Key insight: Oracle license costs alone often exceed $100k/month, plus Snowflake's ~$50k/month. The HTAP stack eliminates both license layers.
- AI/ML capabilities: Eliminates $2.5k–$15k+/month in separate vector DB and feature store costs
- Reduced time-to-insight: No ETL lag means faster business decisions (opportunity cost)
- Simplified governance: Single security/audit layer vs federated policies across multiple systems
%%{init: {'theme':'base'}}%%
graph LR
SF["<b>Snowflake Stack</b><br/>$98k-$201k/mo<br/><br/> Platform: $53-58k<br/>(~$50k license costs)<br/> Tools: $5-30k<br/>Labor: $40-113k"]

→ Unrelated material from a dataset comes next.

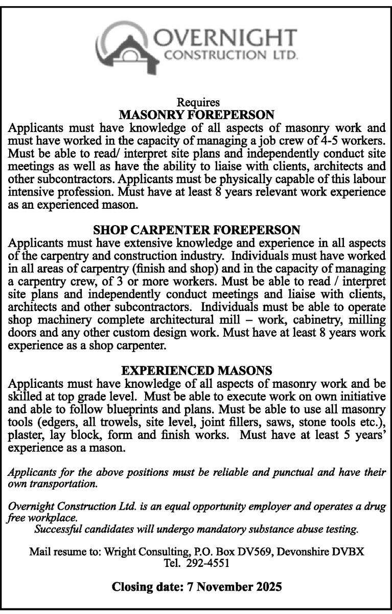Masonry Foreperson, Shop Carpenter Foreperson and Experienced Masons

HTAP["<b>Unified HTAP</b><br/>$32k-$79k/mo<br/><br/> Platform: $12.4-12.8k<br/>(No license costs)<br/> Tools: $2-10k<br/>Labor: $18-56k"]

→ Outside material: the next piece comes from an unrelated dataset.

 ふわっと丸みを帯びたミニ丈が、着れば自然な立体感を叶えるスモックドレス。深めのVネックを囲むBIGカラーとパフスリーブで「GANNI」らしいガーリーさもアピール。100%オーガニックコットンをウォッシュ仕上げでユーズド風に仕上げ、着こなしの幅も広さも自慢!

DB["<b>Databricks Stack</b><br/>$90k-$200k/mo<br/><br/> Platform: $45-75k<br/>(~$30-50k license costs)<br/> Tools: $5-30k<br/>Labor: $40-113k"]

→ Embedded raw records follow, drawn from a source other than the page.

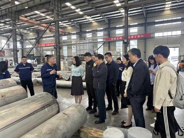 在江苏豪然的调研学习中,豪然团队带领师生参观了企业生产车间,详细介绍了喷射成形工艺及库房各类展成品的形成及性能,在实景中生动讲述了江苏豪然成立以来始终将创新精神付诸实践,紧跟市场需求变化、专注高性能合金研发生产的发展历程。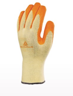 Guante VE730 de Delta Plus con recubrimiento de látex antideslizante y soporte de punto en poliéster, diseñado para alta resistencia y agarre en tareas de mantenimiento, construcción y trabajo general en entornos secos o húmedos.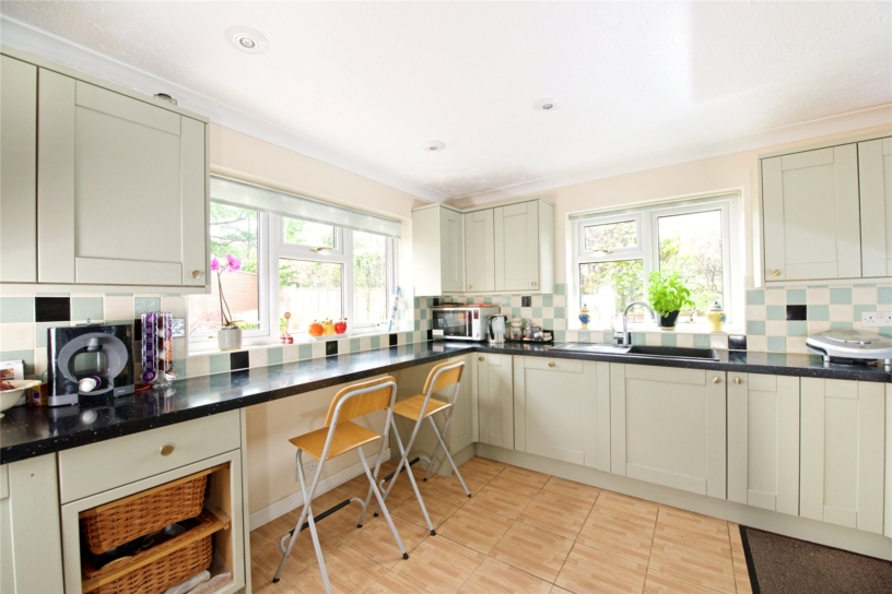 The sitting room has a brick feature fireplace. The dining room has a laminate floor and double doors to the garden. The kitchen/breakfast room has wall and floor units with 'MStone' (a stone/granite alternative) work surfaces, a breakfast bar and a tiled floor. Integrated appliances include an electric hob, double oven and a dishwasher

SF -.->|"84.1% savings"| HTAP
DB -.->|"84.0% savings"| HTAP
style SF fill:#ffcccc,stroke:#666,stroke-width:2px
style HTAP fill:#ccffcc,stroke:#666,stroke-width:2px
style DB fill:#ffd4cc,stroke:#666,stroke-width:2px
If you want this page to survive critical readers, expect these pushbacks:
-
"These Snowflake hours are arbitrary." True. They're placeholders. The doc explicitly calls out that it's a duty-cycle assumption and invites readers to swap in their own duty cycle. Use Snowflake's calculator with your actual query patterns.
-
"You ignored discounts / commitments." Also true. We keep on-demand for comparability, but committed-use discounts apply to both approaches and can be layered on later. Enterprise discounts often favor incumbents (Snowflake/Databricks) but also apply to cloud infrastructure (AWS/GCP/Azure).
-
"Labor estimates are hand-wavy." They are, but leaving them out is worse. The fix is to present them as bands and make the underlying role assumptions explicit (this doc does that). The "pipeline tax" (dual-system labor overhead) is the real TCO driver in most enterprises.
-
"EBS cost dominates; why not instance-store?" Correct: with 20 TB/node, gp3 storage becomes the main infra cost line. If you want to model instance-store (i4i/i3en), you need a different node shape (and different operational tradeoffs around durability and repair).
-
"This is a POC, not production-ready." True (see README line 295). The TCO model assumes production-hardened deployment. Enterprises evaluating this stack should:
- Budget for additional operational tooling (observability, backup/restore automation, DR orchestration)
- Validate SQL feature coverage for their specific workloads (see README lines 386-391 on Postgres compatibility)
- Plan for DR drills and failure injection testing (README lines 475-482)
- Consider managed service options if/when available (not modeled here)
- Account for initial training/migration investment (see Section D.7)
PRs that replace any band with measured numbers (or calculator outputs) will improve the credibility of this document substantially.